Abstract

We investigate the notion that New Zealand's avifauna exhibits a macro‐evolutionary trend towards low reproductive rates by analysing the allometry of nesting parameters for native altricial land birds. We show that egg size, incubation periods, and nestling periods are all strongly correlated with body mass, but clutch size is not. However, egg size more accurately predicts incubation periods, and incubation periods more accurately predict nestling periods, than does body mass. Variation between and within families is explored. Neither divergence per se nor slow rates of reproduction appear related to the taxic level of endemism. “Gigantic” species breed more slowly in proportion to body mass as predicted allometrically, but as a macro‐evolutionary trend, the effect is counterpointed within New Zealand by a parallel trend towards dwarfism. We found that hollow‐ and cavity‐nesting species have longer nestling periods than open‐nesting species. Corvida passerines lay larger eggs, after controlling for body mass, than do Passerida passerines. Most of New Zealand's altricial bird species evolved from Australian colonists. Macro‐evolutionary trends are therefore most likely to be identified by comparison with the Australian avifauna. We present evidence suggesting that New Zealand passerines lay larger clutches than their Australian temperate zone counterparts.
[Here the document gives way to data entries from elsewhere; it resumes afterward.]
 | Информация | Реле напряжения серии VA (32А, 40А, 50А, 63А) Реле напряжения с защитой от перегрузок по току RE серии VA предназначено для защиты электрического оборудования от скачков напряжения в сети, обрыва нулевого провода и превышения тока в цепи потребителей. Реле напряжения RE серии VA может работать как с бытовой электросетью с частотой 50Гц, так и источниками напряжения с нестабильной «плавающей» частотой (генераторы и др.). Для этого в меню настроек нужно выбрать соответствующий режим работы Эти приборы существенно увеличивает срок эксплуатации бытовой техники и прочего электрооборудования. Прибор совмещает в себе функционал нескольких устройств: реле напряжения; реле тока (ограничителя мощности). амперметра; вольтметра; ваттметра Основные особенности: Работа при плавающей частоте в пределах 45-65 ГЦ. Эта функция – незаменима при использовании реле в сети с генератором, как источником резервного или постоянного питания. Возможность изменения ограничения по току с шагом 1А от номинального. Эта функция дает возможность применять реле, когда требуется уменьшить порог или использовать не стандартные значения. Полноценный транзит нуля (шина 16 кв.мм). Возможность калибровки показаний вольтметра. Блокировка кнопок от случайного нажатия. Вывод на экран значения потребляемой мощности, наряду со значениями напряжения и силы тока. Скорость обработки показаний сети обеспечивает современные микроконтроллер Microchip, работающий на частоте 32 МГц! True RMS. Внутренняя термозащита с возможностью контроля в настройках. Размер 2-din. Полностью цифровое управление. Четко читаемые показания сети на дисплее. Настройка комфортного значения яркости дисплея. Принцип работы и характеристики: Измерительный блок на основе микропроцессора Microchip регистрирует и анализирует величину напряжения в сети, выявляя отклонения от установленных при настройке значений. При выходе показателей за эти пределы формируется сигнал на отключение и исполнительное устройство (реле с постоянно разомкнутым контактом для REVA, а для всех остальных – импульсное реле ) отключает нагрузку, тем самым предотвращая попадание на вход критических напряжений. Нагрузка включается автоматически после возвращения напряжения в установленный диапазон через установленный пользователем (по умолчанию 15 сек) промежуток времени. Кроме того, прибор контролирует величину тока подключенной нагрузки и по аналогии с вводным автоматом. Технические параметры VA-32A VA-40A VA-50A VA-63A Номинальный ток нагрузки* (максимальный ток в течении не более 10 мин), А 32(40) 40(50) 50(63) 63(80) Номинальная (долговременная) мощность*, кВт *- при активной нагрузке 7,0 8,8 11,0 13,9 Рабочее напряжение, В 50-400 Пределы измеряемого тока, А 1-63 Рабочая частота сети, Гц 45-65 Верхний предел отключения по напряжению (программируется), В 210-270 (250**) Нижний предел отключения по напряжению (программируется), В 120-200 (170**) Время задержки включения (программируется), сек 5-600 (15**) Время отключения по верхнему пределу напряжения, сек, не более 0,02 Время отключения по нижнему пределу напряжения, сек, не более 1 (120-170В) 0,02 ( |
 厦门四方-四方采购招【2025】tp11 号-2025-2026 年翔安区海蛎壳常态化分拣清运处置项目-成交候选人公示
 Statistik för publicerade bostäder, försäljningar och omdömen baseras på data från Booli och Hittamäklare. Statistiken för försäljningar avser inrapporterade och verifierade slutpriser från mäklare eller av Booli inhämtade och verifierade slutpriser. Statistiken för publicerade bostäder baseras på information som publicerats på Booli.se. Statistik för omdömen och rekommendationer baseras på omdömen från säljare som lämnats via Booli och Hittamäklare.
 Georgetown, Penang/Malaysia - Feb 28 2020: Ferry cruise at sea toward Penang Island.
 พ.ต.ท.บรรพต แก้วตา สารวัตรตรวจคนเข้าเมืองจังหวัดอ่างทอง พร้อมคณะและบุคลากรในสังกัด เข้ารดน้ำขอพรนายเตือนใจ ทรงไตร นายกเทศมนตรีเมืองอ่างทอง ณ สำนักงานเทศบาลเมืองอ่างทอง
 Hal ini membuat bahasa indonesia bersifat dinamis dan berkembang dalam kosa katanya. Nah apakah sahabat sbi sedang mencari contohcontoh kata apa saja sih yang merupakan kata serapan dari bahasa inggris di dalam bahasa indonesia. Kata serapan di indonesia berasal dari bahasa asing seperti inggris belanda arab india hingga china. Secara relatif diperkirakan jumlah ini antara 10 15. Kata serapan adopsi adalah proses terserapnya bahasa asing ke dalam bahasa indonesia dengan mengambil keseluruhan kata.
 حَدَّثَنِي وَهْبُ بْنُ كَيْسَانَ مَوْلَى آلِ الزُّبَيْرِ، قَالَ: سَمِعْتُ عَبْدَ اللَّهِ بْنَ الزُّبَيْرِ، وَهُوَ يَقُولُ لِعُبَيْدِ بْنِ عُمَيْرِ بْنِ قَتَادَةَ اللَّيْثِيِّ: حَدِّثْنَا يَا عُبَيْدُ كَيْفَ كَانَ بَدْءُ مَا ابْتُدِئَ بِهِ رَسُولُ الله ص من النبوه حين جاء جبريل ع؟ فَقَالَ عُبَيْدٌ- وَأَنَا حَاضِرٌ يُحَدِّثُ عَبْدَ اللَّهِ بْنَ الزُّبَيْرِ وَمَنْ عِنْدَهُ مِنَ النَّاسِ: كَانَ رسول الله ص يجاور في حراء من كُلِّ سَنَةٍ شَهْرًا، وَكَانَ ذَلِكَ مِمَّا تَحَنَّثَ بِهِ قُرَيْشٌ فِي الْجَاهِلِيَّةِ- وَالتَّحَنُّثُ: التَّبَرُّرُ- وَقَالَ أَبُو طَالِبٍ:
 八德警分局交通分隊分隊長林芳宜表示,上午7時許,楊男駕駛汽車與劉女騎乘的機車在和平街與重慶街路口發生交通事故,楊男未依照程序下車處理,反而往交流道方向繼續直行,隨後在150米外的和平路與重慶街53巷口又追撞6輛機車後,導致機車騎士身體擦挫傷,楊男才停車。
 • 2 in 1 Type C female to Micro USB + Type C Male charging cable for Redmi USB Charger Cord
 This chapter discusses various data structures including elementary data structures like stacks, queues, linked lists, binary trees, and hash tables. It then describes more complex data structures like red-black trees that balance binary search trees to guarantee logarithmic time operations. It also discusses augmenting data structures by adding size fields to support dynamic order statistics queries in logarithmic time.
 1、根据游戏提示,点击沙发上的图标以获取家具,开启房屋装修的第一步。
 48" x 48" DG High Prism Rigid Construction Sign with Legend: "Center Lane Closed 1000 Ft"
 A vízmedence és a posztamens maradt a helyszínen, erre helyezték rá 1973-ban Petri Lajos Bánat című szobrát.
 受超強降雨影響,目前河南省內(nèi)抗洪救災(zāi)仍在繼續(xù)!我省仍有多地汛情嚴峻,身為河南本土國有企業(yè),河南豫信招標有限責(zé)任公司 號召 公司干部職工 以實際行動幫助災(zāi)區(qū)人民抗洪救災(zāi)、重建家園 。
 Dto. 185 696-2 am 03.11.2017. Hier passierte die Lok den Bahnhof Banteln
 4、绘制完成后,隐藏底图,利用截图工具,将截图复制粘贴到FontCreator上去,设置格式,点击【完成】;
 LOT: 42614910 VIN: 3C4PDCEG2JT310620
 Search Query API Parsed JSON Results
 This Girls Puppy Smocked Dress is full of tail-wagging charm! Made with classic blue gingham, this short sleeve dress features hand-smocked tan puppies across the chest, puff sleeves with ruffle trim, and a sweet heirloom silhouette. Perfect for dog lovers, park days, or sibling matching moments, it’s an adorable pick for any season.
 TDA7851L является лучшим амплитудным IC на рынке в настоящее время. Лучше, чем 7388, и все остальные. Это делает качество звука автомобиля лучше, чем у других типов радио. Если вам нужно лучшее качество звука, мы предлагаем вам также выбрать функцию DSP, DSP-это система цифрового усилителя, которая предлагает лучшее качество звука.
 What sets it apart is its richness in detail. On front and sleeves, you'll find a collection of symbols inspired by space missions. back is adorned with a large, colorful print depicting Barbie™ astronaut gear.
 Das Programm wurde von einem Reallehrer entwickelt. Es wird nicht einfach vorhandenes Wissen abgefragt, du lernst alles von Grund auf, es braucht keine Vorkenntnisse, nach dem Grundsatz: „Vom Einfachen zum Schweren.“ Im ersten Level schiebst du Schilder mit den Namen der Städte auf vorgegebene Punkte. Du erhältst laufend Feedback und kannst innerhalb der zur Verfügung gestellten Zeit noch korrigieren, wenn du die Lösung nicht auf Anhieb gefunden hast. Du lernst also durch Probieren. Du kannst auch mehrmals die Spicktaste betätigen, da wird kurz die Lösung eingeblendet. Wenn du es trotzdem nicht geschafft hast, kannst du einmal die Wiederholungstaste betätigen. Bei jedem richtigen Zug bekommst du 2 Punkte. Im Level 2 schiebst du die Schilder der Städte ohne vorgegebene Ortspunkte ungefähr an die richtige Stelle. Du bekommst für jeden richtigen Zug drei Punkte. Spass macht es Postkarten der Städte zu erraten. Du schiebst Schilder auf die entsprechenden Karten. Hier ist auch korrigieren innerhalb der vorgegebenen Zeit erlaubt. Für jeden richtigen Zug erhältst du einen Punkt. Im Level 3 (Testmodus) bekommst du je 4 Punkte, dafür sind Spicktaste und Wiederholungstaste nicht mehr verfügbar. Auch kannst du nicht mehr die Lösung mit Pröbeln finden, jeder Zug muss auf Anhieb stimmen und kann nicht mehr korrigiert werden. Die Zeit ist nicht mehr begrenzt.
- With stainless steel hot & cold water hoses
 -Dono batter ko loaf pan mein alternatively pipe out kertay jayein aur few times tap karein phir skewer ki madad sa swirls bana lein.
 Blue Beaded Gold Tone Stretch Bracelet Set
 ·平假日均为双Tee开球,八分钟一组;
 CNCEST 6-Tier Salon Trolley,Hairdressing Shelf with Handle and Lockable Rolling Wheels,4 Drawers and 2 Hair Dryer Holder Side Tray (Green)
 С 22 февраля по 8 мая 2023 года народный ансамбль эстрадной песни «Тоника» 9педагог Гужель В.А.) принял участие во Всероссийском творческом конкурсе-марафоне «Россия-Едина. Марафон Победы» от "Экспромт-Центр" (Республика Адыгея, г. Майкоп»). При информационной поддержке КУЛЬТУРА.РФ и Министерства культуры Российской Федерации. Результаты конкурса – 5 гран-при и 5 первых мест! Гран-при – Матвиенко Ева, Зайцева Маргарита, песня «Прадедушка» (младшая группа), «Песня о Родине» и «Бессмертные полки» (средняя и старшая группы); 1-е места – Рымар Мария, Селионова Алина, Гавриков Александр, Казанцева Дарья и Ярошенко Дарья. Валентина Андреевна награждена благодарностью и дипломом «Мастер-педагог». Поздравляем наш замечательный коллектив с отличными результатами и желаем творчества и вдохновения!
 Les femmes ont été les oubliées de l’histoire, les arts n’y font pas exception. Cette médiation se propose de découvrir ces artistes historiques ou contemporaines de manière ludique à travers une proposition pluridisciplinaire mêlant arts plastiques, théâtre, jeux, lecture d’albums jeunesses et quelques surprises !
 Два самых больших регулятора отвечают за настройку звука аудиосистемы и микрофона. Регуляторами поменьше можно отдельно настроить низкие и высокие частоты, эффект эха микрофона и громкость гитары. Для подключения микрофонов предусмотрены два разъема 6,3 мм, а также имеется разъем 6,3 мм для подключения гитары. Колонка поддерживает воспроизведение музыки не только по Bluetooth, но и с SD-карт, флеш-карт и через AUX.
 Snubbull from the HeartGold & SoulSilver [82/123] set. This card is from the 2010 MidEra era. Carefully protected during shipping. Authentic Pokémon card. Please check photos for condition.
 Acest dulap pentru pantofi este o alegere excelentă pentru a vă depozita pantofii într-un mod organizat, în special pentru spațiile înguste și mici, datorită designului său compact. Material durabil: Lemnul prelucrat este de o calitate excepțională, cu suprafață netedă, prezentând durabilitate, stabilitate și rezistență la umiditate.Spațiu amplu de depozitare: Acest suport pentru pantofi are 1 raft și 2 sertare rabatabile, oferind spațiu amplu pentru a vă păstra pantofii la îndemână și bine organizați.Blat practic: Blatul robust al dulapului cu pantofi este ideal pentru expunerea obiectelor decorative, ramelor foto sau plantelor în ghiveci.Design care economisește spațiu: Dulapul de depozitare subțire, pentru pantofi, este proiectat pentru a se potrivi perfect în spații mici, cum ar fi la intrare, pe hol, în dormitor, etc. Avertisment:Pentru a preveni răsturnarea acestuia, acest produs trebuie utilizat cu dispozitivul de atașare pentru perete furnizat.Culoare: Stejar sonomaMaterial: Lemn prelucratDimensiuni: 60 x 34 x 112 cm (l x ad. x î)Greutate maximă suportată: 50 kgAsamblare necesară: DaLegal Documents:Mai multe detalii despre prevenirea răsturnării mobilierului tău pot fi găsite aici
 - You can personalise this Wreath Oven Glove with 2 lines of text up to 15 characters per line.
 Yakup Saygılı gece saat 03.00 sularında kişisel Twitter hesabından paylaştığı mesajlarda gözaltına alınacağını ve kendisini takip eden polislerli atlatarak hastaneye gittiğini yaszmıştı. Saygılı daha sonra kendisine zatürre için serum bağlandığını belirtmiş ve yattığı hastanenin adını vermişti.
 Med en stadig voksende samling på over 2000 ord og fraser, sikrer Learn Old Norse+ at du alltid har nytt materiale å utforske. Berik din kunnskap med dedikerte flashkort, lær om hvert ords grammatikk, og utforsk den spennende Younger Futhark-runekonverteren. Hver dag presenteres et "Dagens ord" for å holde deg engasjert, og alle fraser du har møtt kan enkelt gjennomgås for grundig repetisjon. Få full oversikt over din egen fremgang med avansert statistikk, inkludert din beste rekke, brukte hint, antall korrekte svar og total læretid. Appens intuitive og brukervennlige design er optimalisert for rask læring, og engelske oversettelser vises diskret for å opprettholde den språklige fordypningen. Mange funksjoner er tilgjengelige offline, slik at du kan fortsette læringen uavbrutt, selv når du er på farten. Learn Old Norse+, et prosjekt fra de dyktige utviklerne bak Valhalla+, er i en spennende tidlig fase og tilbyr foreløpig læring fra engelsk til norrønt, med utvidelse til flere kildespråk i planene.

A previous study (Trevelyan & Read 1989) suggested that New Zealand birds lay more clutches per year. These findings are inconsistent with suggestions of marked K‐selection in the New Zealand avifauna, but may be explicable under the “bet‐hedging hypothesis” for the evolution of life histories. The notion that New Zealand birds breed slowly may have arisen by comparisons with the avifaunas of the Northern Hemisphere, comparisons that ignore the distinctive life history traits of the avifaunas of tropical and other southern temperate regions.